Nobody would have called the doomed poet a gay man, although that’s what all the tortuous innuendo essentially amounts to. The play, which was teamed with a curtain-raiser actually called “Something Unspoken” when it had its premiere in 1958, was written in an era when the word “gay” had not come into common parlance, and the word “homosexual” had a clinical and disreputable ring. (The “something” in “Something Unspoken” was lesbianism, by the way.)
The coyness about the subject in “Suddenly Last Summer,” written by a playwright who was famously uncoy about matters of sex and sexuality, firmly dates the play. Today neutral terms describing homosexuality are commonplace, having long since joined the vocabulary list deemed fit and proper to be spoken in front of the footlights.
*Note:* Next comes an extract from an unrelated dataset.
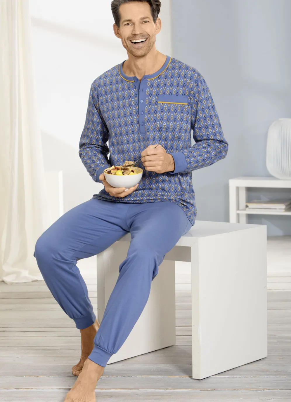 Einfach klasse ist dieser jeansblaue Schlafanzug: Oberteil mit safran-marine-bleu dessiniertem Alloverdruck, Knopfleiste, aufgesetzter Brusttasche und Ärmelbündchen. Lange Hose mit auswechselbarem Gummizug im Bund sowie Bündchenabschlüssen.

But as “The Little Dog Laughed,” “Regrets Only” and “Borat” have lately shown, old-school mockery, refitted for a new, post-politically-correct era, is making a comeback.
In “The Little Dog Laughed,” Douglas Carter Beane’s Hollywood satire at the Cort Theater, the central character, a ruthless female agent played with verve by Julie White, uses the following terms, among others, to refer to her client, a closeted gay movie actor: “that pansy,” “Mary” and “Miss Nancy,” “little fairy Tinkerbell” and “little fruit.” Coining her own variation on derogation, she calls another character “St. Francis of the Sissies.”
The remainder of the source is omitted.